The many Dylan references are in line with the book on which this film is based. The biography is scattered with dozens of references, Dylan records and song titles. Real Dylan love, that much is clear, and the anecdote about Jobs’ encounter with his hero is also amusing, but the most revealing piece of information is on the last page of the book, on page 570:

You always have to keep pushing to innovate. Dylan could have sung protest songs forever and probably made a lot of money, but he didn’t. He had to move on, and when he did, by going electric in 1965, he alienated a lot of people. (…). That’s what I’ve always tried to do—keep moving. Otherwise, as Dylan says, if you’re not busy being born, you’re busy dying.”

It is more than a business motto, it is a life motto for Jobs and it also sheds extra light on that poster choice – the young Jobs daily sees Dylan’s cue card with the words get born. And, according to the script of grandmaster Aaron Sorkin, the key phrase from The Times therefore is the present now will later be past.

This verse means that you must permanently, deliberately, rid yourself of the past, because otherwise it will also become your present,” says Jobs’ mentor Sculley. “Yes! Exactly! That’s exactly – you’re the only one … God … that’s what I mean!” the enthusiastic computer nerd yells.

It is an aphorism that will remain a guideline for the restless innovator Jobs.

The busy being born quote from “It’s Alright, Ma (I’m Only Bleeding)” is one of the cast-iron, indestructible verse fragments from one of Dylan’s greatest masterpieces and one of the four lines that enters into the Columbia Dictionary of Quotations, between Shakespeare, John F. Kennedy and Mark Twain.
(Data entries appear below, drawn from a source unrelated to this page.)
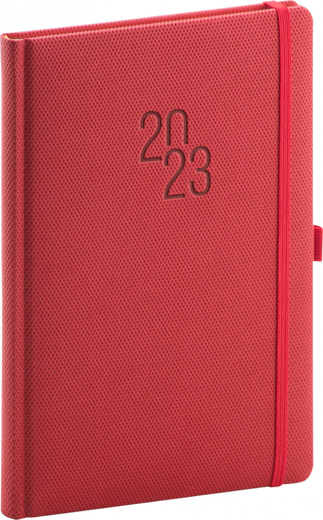 Luxusní týdenní diář Diamante 2023 v červené barvě. Povrch s jemnou strukturou připomínající výbrus diamantu je vhodný pro všechny typy ražeb. Diář má zakulacené rohy, poutko na tužku a elastickou gumičku, sloužící k pevnému uzavření.
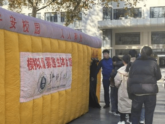 此外,活动现场还设置了“虚拟灭火”和“模拟烟雾逃生体验馆”等互动设备。大家面对模拟火源,严格按照操作规范,成功将“大火”扑灭。师生们在逼真的虚拟场景中巩固灭火技能,并在充满无害模拟烟雾的黑暗逃生屋内,切身感受火场中的紧张氛围,学习低姿匍匐、湿毛巾捂口鼻等关键逃生技巧。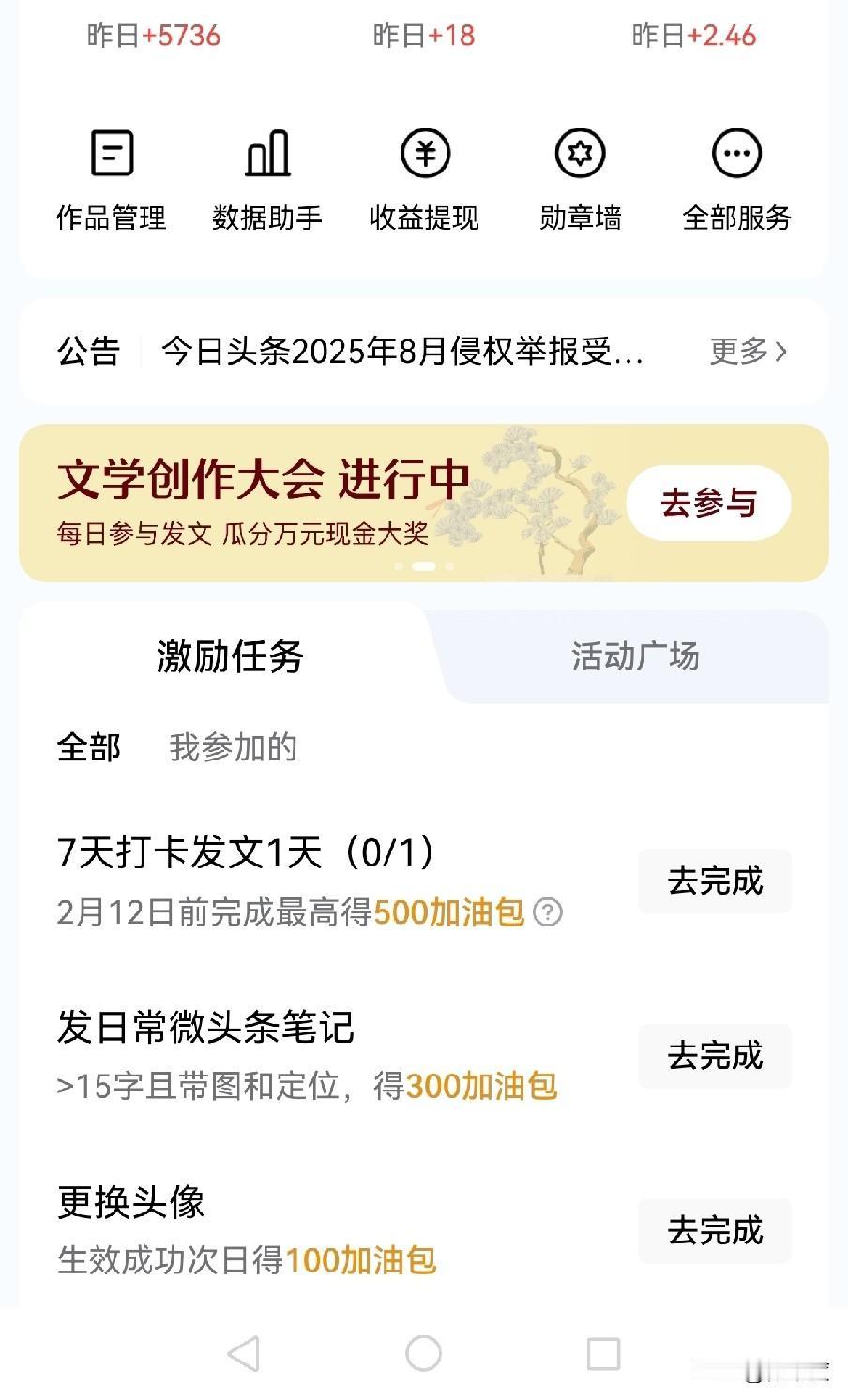 好不容易,有收益了,五千多的阅读量,收益(2.46)这个在头条是什么段位,垫底,为啥你们就能几十呢,是不是要每天互动,评论才收益高,每天也没有那那么多时间去,回访,找素材来源都已经累得慌了,不管他的了,争取过年能赚个100,就满足了,钱来,钱来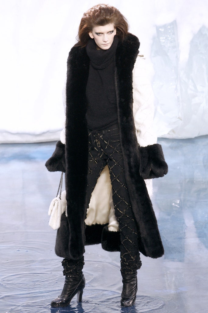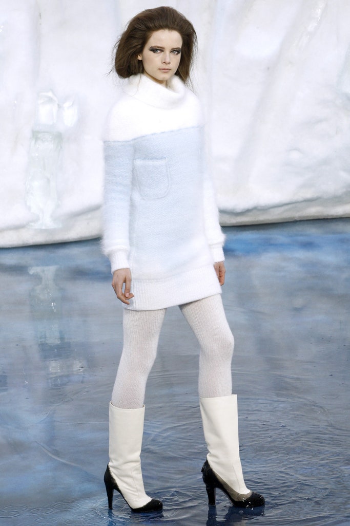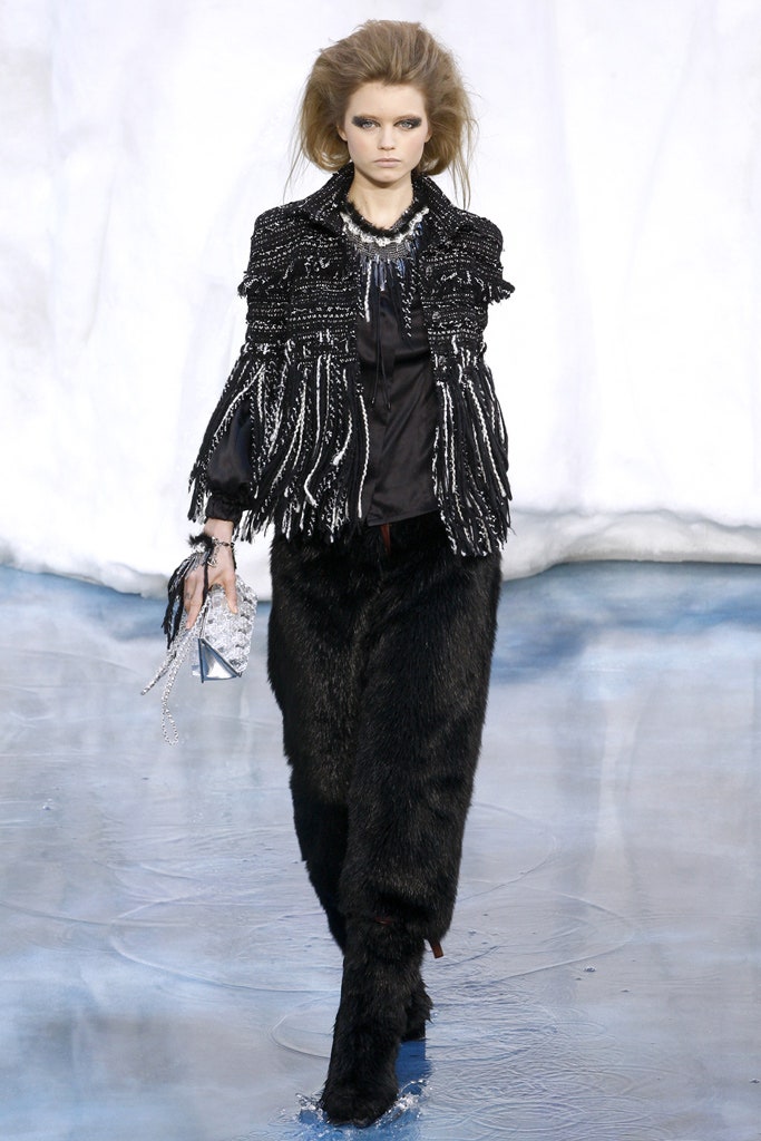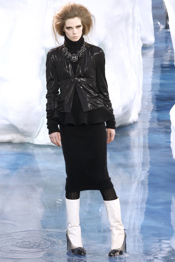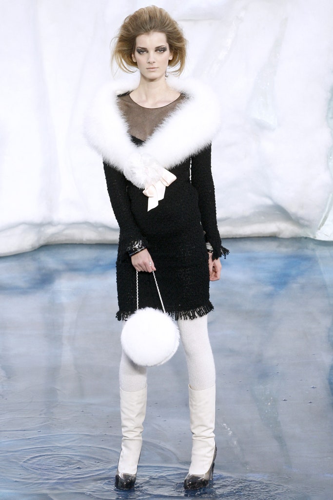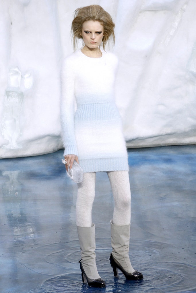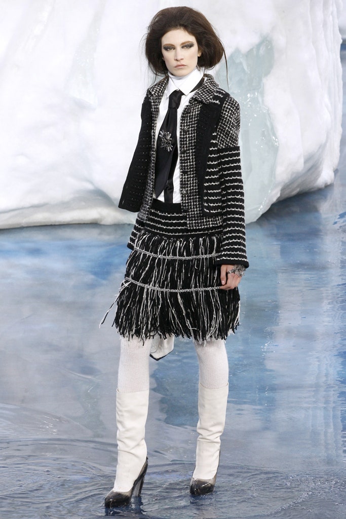 The clothes were pure Snowtastic Chic! Karl Lagerfeld spared no expense when it came to orchestrating a Chanel runway, effortlessly blurring the lines between reality and fantasy. In his signature style, he breathes life into the clothes’ with a mesmerizing set; this time it’s a colossal 28-foot-tall, 265-ton iceberg from Sweden standing resolute in the centre.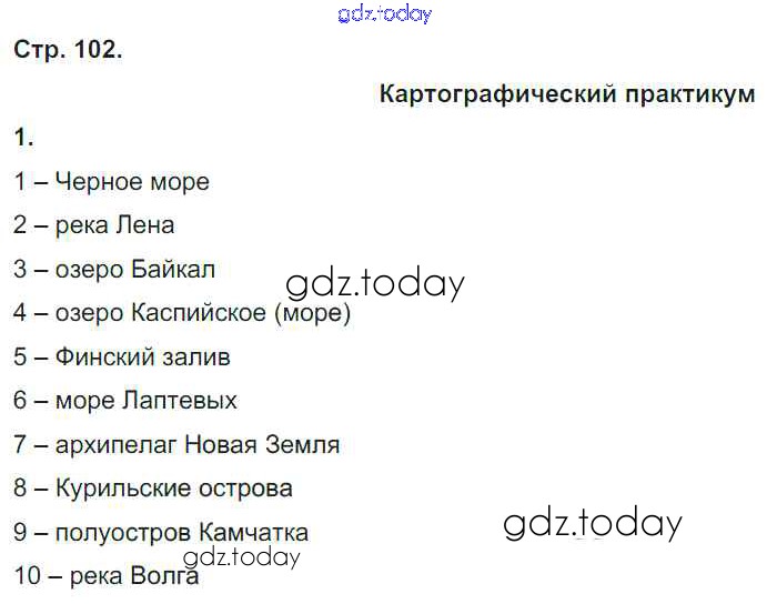 На страницах сайта gdz.today вы найдете учебный и вспомогательный материал, направленный на улучшения знаний школьной программы. ГДЗ - онлайн мир знаний Решение к части 2. Страницы 102 Рабочей тетради по Географии для 8 класса Домогацких Русское слово Инновационная школа 2017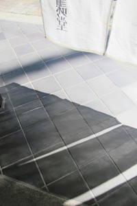 一枚の布は道行く人々とのよい距離感を保ってくれ、

Presidential candidate Jimmy Carter cites it in his acceptance speech at the Democratic Convention in 1976 to illustrate his progress dreams and future vision, in 2000 presidential candidate Al Gore calls it his favorite quote, in the twenty-first century writers of management books, publishing scientists, journalists and bumper sticker producers use the slogan. He not busy being born is busy dying has penetrated the collective cultural baggage.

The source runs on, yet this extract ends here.